Although the Biden administration has echoed other Western allies in pressing for Russia's suspension from Interpol, the agency has not denied Moscow access to its databases, due to its stated commitment to "neutrality," National Review reports.
It has pledged instead to apply "heightened supervision and monitoring measures in relation to Russia."
In a letter to Attorney General Merrick Garland and Secretary of State Antony Blinken, obtained by National Review, Sasse called Interpol's pledge "a small step in the right direction," but criticized it as inadequate to "to protect Interpol against potential abuses by the Russian government or to ensure that Russia does not exploit Interpol's intelligence-sharing function to further harm the people of Ukraine."
Sasse goes on to say that Russia and China have reportedly used the agency to target domestic political opponents.
According to The Atlantic, Interpol was used against financier and Putin critic Bill Browder six separate times as of 2018.
China's abuse of the agency has led to "prolonged detention and arbitrary arrest … of activists and persecuted ethnic or religious minorities abroad," as well as "harassment and intimidation of political dissidents," according to a Safeguard Defenders report published last November.

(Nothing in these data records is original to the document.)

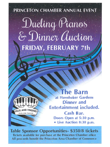 All proceeds benefit the Princeton Area Chamber of Commerce
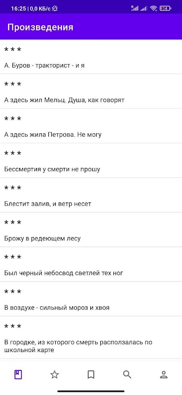 1. 5 разделов : Произведения, избранные, закладки, поиск, биография
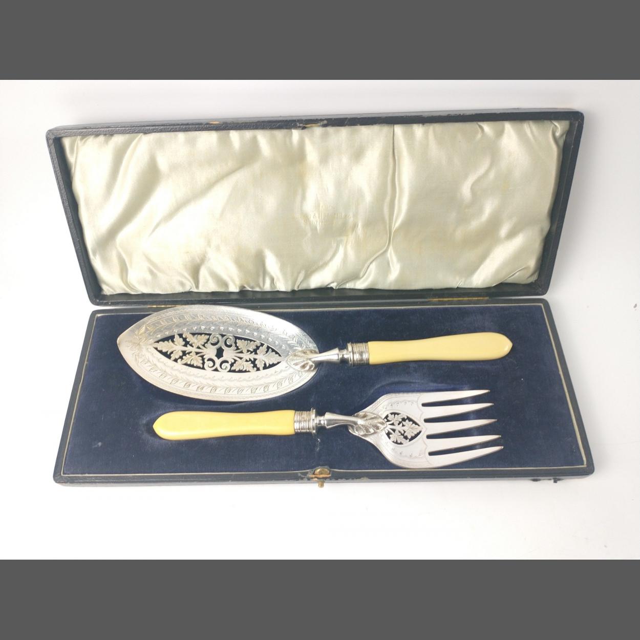 A boxed set of serving FISH KNIFE & FORK Sheffield silver hallmarked collar 1922, bone handled WALKER & HALL in original presentation case.
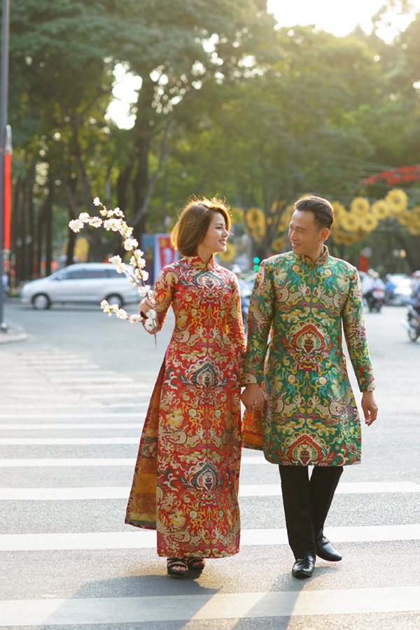 Hai cha con Nguyễn Hữu Tiến xuống phố ngày xuân
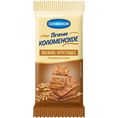 Печенье злаковое Коломенское овсяное (120 штук по 30 г) Овсяное печенье любимо всеми с детства. Печенье 'Коломенское' имеет необычную, хрустящую и тающую во рту текстуру. В составе печенья много овсяной муки и овсяных хлопьев, содержащих витамины, минералы и антиоксиданты. Нежное и хрустящее печенье Коломенское выпекается по особой итальянской технологии и обладает тающей во рту текстурой. Рецептуры печенья соответствуют современным трендам и обогащены полезными веществами. Печенье не содержит пальмового масла или маргарина на основе пальмового масла. Высокоолеиновое подсолнечное масло, на котором сделано печенье, при высоких температурах выпечки не образует транс-жиров: содержит природный антиоксидант витамин Е; Омега-3 и Омега-9. По вкусу печенье максимально приближено к домашнему. Состав продукта: мука пшеничная хлебопекарная высшего сорта, сахар белый, мука овсяная, масло подсолнечное высокоолеиновое рафинированное дезодорированное, хлопья овсяные, вода, виноград сушёный (изюм), крахмал пшеничный, экстракт солодовый (солод ячменный, вода), соль, разрыхлители: карбонат аммония, гидрокарбонат натрия (сода пищевая), эмульгатор лецитин подсолнечный, ароматизатор 'Ванилин', корица. Продукт может содержать следы арахиса, орехов, молочных продуктов, яичных продуктов. Пищевая ценность на 100 г: белки - 7,0 г; жиры - 17,0 г; углеводы - 70,0 г. Энергетическая ценность: 1940 кДж (460 ккал). ТУ 10.72.12-061-68861009-2019. Условия хранения: хранить в сухом месте и относительной влажности воздуха не более 75%. Температура хранения (18+/-5) C. Срок хранения: 10 месяцев Страна производства: Россия.
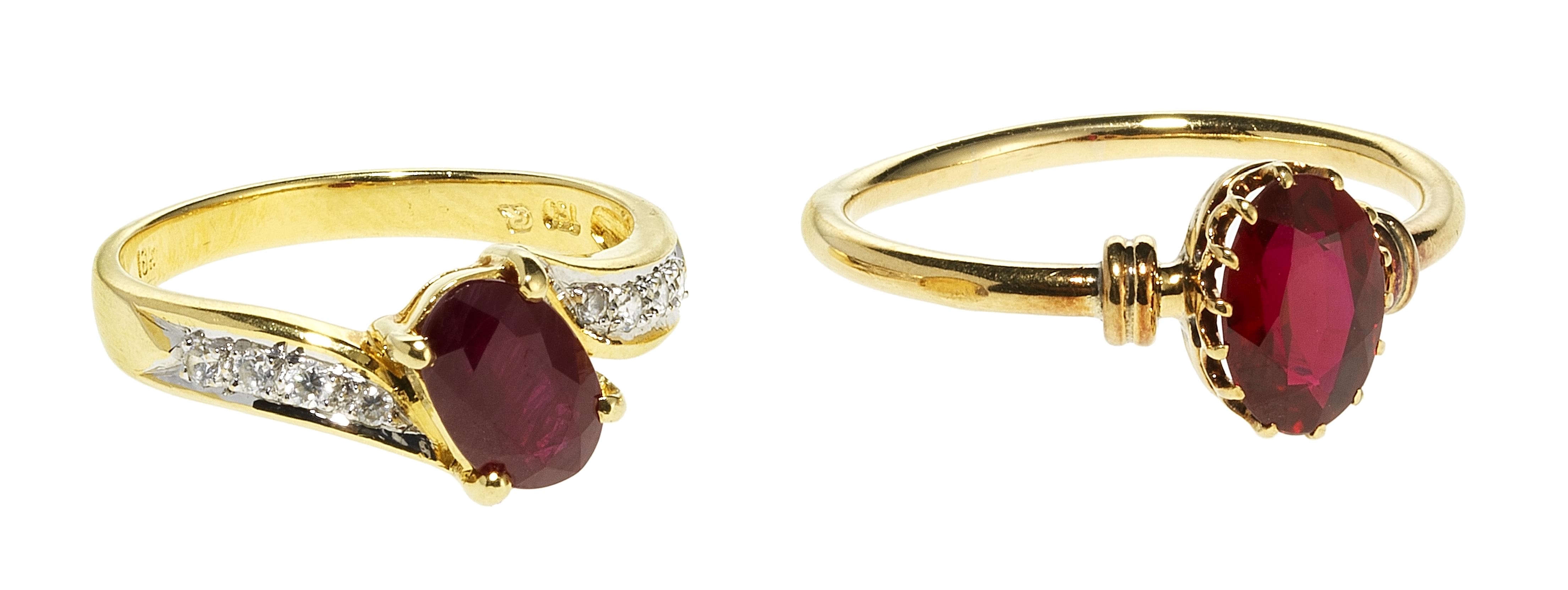 L'une sertie d'un rubis taille ovale (env. 1 ct) épaulé de deux lignes de diamants, la seconde sertie d'un rubis synthétique taille ovale, or 750, doigt 51-11 et 57-17, 5 g
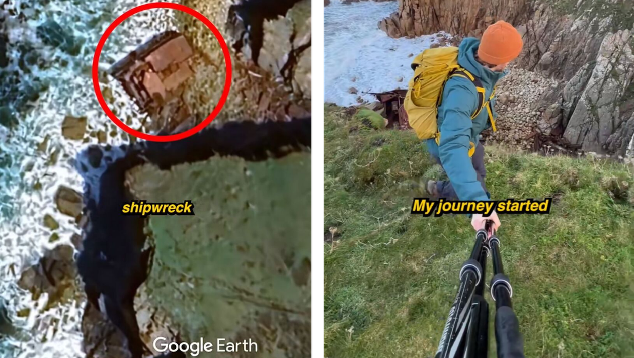 „În timp ce navigam pe Google Earth, am dat peste ceva ce părea a fi o epavă masivă. Era ascunsă într-un golf retras de-a lungul spectaculoasei coaste a Angliei. Bineînțeles că nu am rezistat tentației de a merge să o văd cu ochii mei.”, a povestit Josh pe TikTok.
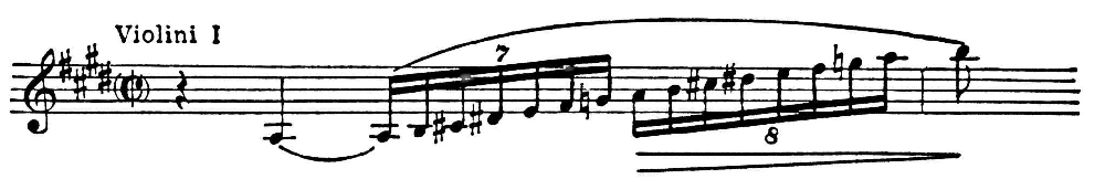 . Др. вид парадоксальных написаний заключается в том, что при меняющемся ритмич. делении композитор, чтобы сохранить тот же уровень весомости, вопреки правилам муз. орфографии, не меняет нотных величин (Р. Штраус, С. В. Рахманинов):
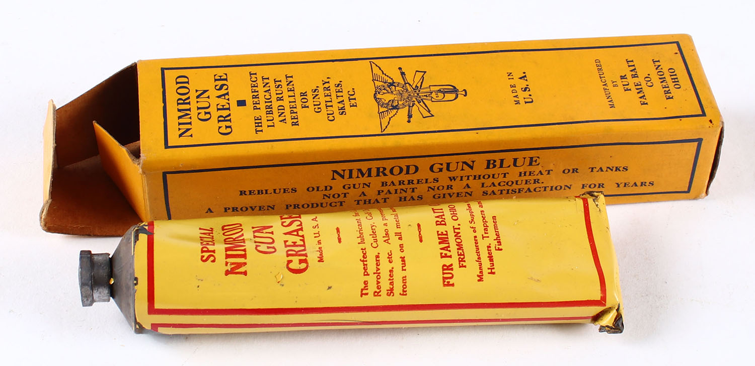 Nimrod Gun Grease, FULL, in original box, all bright and clean. Grade: Excellent ++ - Value: 16 to 50
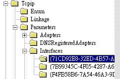 - 選擇『HKEY_Local_Machine』>『SYSTEM』>『CurrentControlSet』>『Services』>『Tcpip』>『Parameters』>『interface』,有點像下面的圖示:
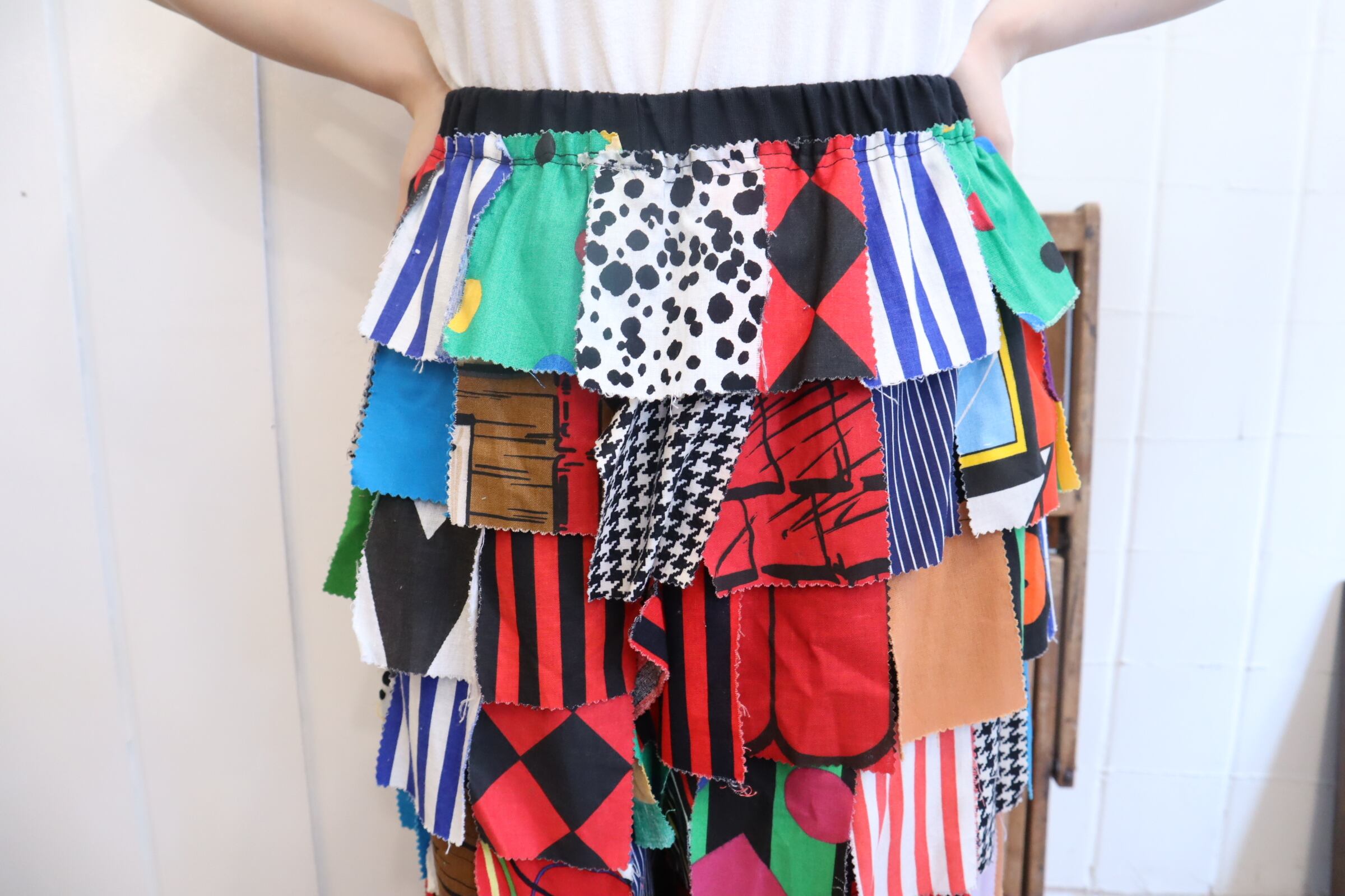 ハギレのパッチワークがとっても可愛いパンツ。
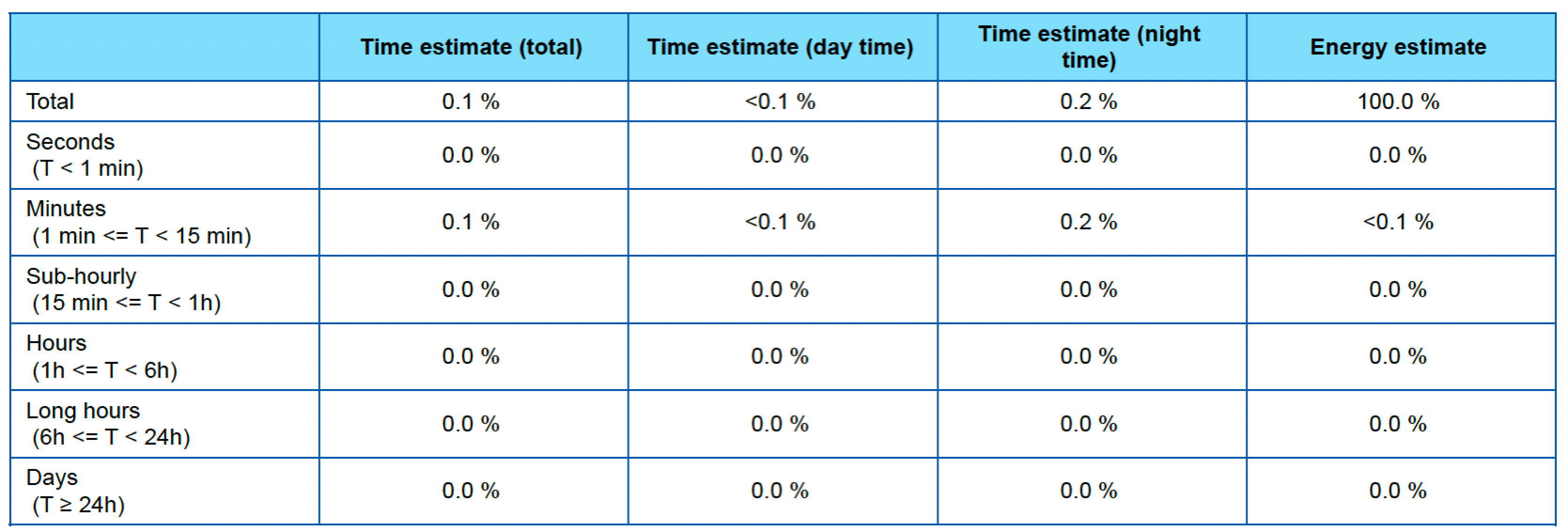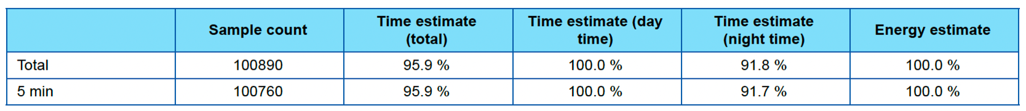 Data Availability tests report daytime and nighttime separately. Daytime values are also used to assess impact on the available solar energy metrics.

The "improper use of Interpol notices" has also caused "fugitives" to return "voluntarily," the report said.
In his letter, Sasse also asks Garland and Blinken what specific steps they have taken to deliver on "the Attorney General's call to remove Russia from Interpol," what steps "the DOJ and State have taken to substantiate the security and safety concerns that Russia poses by its participation in Interpol," and whether the Biden administration has been coordinating with the other "Five Eyes" members to remove Russia.
The Five Eyes are the United States, Britain, Canada, Australia and New Zealand, and they have shared much of the intelligence they gather for the past 75 years through the alliance, according to The New York Times.
Sasse requested a response within 21 days, National Review reports.
"Now is the time for freedom-loving countries committed to the rule of law to act and ensure Vladimir Putin no longer has a voice, vote, and influence in international law enforcement organizations," the senator said.